Quick Start • SSMimpute

Introduction

We start with a simple case, where we use data_stationary included in our package, which is generated with the following data generation process: \[ Y_t = 40+0.5Y_{t-1}-1.5X_t-0.5X_{t-1}-C_t+v_t, v_t \sim \text{i.i.d }\mathcal{N}(0,1) \]

Generate Missing Index

Then using the function generate.missing_index() provided in our package, we create a MNAR missing index, and create the columns for corresponding lagged outcomes.

data = data_stationary#using data_stationary
index_MNAR = generate.missing_index(type = "MNAR", 
                                    n=length(data$y),
                                    param = list(data = data.frame(y=data$y,x=data$x),
                                                 MNAR.type = "increasing",
                                                 coeff = c(0.1,-0.3,0),
                                                 MNAR.drawplot = c(TRUE, "y"))
                                    )$missing_index
#> The missing indicators for MNAR 'increasing' are generated!

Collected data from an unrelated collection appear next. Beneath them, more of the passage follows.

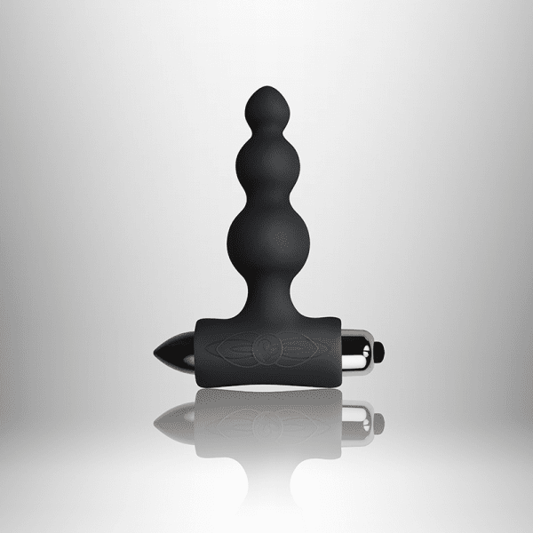 Rocks Off Petite Sensations Bubbles Black Butt Plug. Discover the gentle approach to experiencing anal play with Petite Sensations Bubbles: a small first time anal toy. Feel 7 functions flow from this velvety soft, slim anal vibrator. A T-shaped base vibrates and pulsates on your highly sensitive area for extremely satisfying sensations. Float on the light touch of this slim first time anal toy to guide you through your new sexual adventure. Feel your body tremble with pleasure as you insert each bubble of this small anal vibrator, and embrace the rising arousal as their girth widens. A firm T-shaped base will vibrate and pulsate on your highly sensitive area as it firmly fits between your cheeks, while its strong vibrations surge through each bubble to deliver overwhelming heights of pleasure. Velvety soft, ultra smooth body safe silicone eases every push towards you experiencing ultimate arousal. Once inserted choose one of the 7 vibration and pulsation settings to give you a new side to pure satisfaction. Bubbles is 100% waterproof and fully submersible so you can feel the ripples of pleasure float through you in the bath, shower or hot tub. For an exciting journey to anal pleasure that heightens your stimulation with every step, choose Petite Sensations Bubbles. Tip: relax fully and find a calm state to make insertion go more smoothly. Also, liberally apply a quality water based anal lube to the toy and your intimate areas to go easier on your body. Features: petite size ideal for beginner anal play. Velvety soft, ultra smooth body safe silicone. Pinpointed, targeted vibrations. 3 vibration speeds and 4 patterns for varying sensations. 100% waterproof and fully submersible. Battery included.
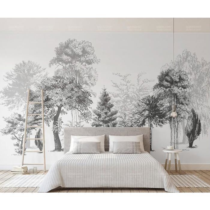 Papier Peint Panoramique 3D Forêt Rétro Grand Arbre Paysage De Style Croquis Noir Et Blanc 300x210cm Papiers Peints Intissé
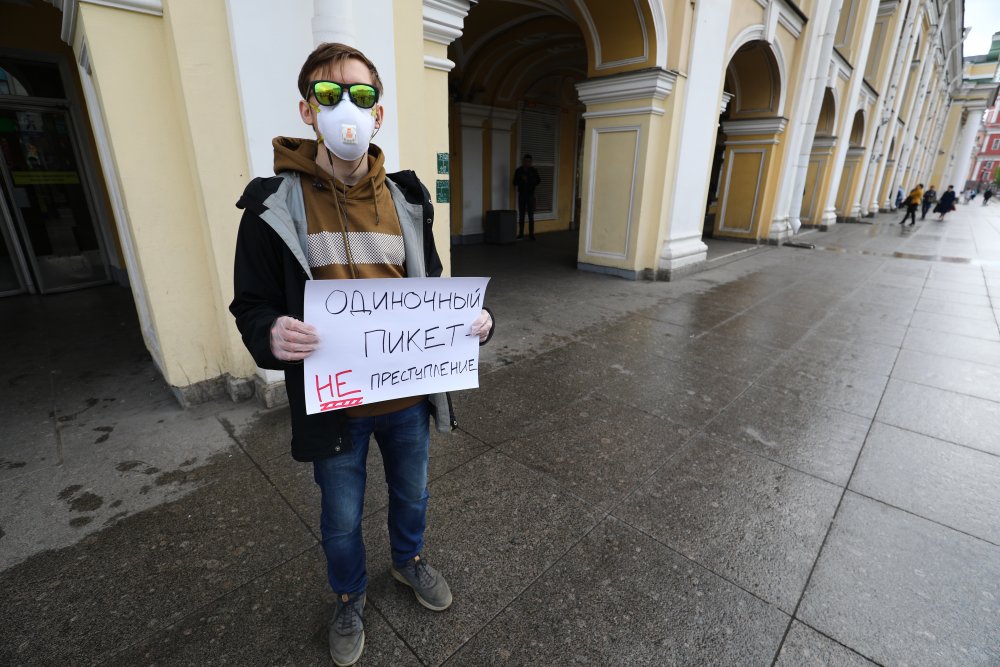 Любимов стоял с плакатом «Одиночный пикет НЕ преступление».

#> The missing rate for MNAR is 0.46

data$y[index_MNAR] = NA
data$y_1 = c(NA,data$y[1:999])
data$x_1 = c(NA,data$x[1:999])
data$c_1 = c(NA,data$c[1:999])
data = data[c(2:1000),]
data_space_SSMimpute = data
kable(head(data_space_SSMimpute))

	Date	y	x	c	y_1	x_1	c_1
2	2020-02-07	NA	10.73859	8.716357	23.43100	9.859805	7.950641
3	2020-02-08	NA	10.24018	7.791593	NA	10.738591	8.716357
4	2020-02-09	23.46471	11.26975	5.322497	NA	10.240184	7.791593
5	2020-02-10	20.95864	10.66030	7.306048	23.46471	11.269747	5.322497
6	2020-02-11	23.51839	10.56685	7.330904	20.95864	10.660300	7.306048
7	2020-02-12	22.40664	11.38117	6.250145	23.51839	10.566847	7.330904

imputeTS::ggplot_na_distribution(data_space_SSMimpute$y, color_missing = "pink",color_missing_border = "pink", alpha_missing = 0.1)

# Start Imputation

Based on our prior knowledge(usually we need an additional step for data exploration, see: exploration of state-space model for a detailed introduction), we set up the formula and all the learning parameter in ss_param and cpt_learning_param


formula="y~y_1+x+x_1+c"
formula_var=unlist(strsplit(unlist(strsplit(formula,"~"))[2],"+",fixed=T))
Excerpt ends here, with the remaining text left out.